Bayesian phylogenetics has gained substantial popularity in the last decade, with most implementations relying on Markov chain Monte Carlo (MCMC). The computational demands of MCMC mean that remote servers are increasingly used. We present Beastiary, a package for real-time and remote inspection of log files generated by MCMC analyses. Beastiary is an easily deployed web-app that can be used to summarize and visualize the output of many popular software packages including BEAST, BEAST2, RevBayes, and MrBayes via a web browser. We describe the design and implementation of Beastiary and some typical use-cases, with a focus on real-time remote monitoring.
© The Author(s) 2022. Published by Oxford University Press on behalf of Society for Molecular Biology and Evolution.

Entities:  

Keywords:  Bayesian phylogenetics; Markov chain Monte Carlo; high performance computing; real-time phylogenetics

Mesh:

Year:  2022        PMID: 35552742      PMCID: PMC9156035          DOI: 10.1093/molbev/msac095

Source DB:  PubMed          Journal:  Mol Biol Evol        ISSN: 0737-4038            Impact factor:   8.800


Introduction

Markov chain Monte Carlo (MCMC) algorithms are the driving force behind most modern packages for Bayesian phylogenetics inference (Larget and Simon 1999), although other techniques exist, but have not yet gained the same popularity (e.g., Bouchard-Côté et al. 2012; Fourment et al. 2018; Fourment and Darling 2019).

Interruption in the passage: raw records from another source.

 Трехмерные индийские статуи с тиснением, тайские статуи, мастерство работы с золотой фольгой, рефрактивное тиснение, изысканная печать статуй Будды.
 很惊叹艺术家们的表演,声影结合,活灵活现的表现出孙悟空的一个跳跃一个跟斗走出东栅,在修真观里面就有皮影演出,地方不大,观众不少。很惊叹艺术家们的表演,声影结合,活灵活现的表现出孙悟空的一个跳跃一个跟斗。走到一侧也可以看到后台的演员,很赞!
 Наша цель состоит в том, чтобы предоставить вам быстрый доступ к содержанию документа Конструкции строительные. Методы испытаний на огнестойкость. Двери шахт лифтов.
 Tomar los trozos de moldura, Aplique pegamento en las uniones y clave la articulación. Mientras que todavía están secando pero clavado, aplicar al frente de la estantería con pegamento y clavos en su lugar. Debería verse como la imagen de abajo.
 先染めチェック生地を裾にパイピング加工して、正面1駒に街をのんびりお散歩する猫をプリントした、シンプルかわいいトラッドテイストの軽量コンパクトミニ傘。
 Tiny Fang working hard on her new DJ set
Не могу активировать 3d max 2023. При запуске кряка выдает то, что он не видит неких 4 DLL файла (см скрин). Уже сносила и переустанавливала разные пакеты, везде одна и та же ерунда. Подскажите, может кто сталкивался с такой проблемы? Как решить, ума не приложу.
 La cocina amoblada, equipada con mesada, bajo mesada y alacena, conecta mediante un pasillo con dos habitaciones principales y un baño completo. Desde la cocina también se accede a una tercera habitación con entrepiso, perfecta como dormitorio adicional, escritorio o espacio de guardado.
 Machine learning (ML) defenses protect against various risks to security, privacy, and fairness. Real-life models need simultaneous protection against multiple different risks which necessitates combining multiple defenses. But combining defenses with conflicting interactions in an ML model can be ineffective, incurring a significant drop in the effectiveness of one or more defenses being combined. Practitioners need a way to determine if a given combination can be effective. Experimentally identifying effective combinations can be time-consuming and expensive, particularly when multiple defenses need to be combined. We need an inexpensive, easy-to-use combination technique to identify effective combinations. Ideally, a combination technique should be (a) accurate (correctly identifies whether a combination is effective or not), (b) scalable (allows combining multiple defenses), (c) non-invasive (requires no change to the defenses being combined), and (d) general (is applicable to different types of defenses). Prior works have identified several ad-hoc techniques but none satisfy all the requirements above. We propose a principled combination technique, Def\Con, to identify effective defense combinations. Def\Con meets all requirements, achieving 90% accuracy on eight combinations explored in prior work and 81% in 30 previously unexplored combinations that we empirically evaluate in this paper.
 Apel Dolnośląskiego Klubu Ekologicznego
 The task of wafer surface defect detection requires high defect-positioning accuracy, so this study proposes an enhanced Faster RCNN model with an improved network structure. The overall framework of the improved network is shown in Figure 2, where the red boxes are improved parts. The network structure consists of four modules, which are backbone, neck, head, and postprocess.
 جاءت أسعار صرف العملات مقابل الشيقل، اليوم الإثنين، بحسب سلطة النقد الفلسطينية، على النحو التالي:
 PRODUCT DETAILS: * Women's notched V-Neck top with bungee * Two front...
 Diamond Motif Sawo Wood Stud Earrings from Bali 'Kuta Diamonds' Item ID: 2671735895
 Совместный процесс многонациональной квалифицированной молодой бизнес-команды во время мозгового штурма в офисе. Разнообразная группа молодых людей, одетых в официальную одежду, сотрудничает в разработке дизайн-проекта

For example, widely used packages, such as BEAST1.10 (Suchard et al. 2018), BEAST2 (Bouckaert et al. 2019), RevBayes (Hohna et al. 2016), and MrBayes (Ronquist et al. 2012), rely on MCMC to sample the posterior distribution. Summarizing and visualizing the posterior samples generated from the MCMC algorithm is central to the interpretation of a Bayesian phylogenetic analysis. Bayesian phylogenetics is increasing in popularity and the way that these analyses are performed is changing. Model complexity and data sets size are increasing. Typically, these large and complex analyses take longer to run and require computational resources that are often only available to research through remote servers (e.g., a high performance computing system). While well-established applications for summarizing MCMC outputs exist (Nylander et al. 2008; Warren et al. 2017; Rambaut et al. 2018), these packages lack some features that are becoming more valuable for modern Bayesian phylogenetic analysis [e.g., remote and real-time analysis (Gill et al. 2020)]. To modernize the process of MCMC log file inspection, we have developed Beastiary (version 1.5), a package for real-time and remote interactive data exploration of the output of a Bayesian MCMC analysis (figure 1). Beastiary includes several MCMC diagnostic tools and a focus on functionality for real-time monitoring of analyses on remote servers. Bestiary can read the MCMC log files of BEAST (Drummond and Rambaut 2007), BEAST2 (Bouckaert et al. 2019), RevBayes (Hohna et al. 2016), MrBayes (Ronquist et al. 2012) and any other program that produces white-space delineated log files. Beastiary is easily deployed on remote servers and installed via PYPI with the command pip install beastiary (requires Python version ≥ 3.6.2).
Fig. 1.

Beastiary front-end main dashboard. The left-hand plane (Traces) shows the number of steps (3,000,000), samples (1,001), and active traces (4) for each log file. Burn-in is set to 10% by default and colour-coded effective sample size (ESS) values are displayed to the right of the trace labels. The right-hand panel show the default trace plot and histograms for each of the selected traces.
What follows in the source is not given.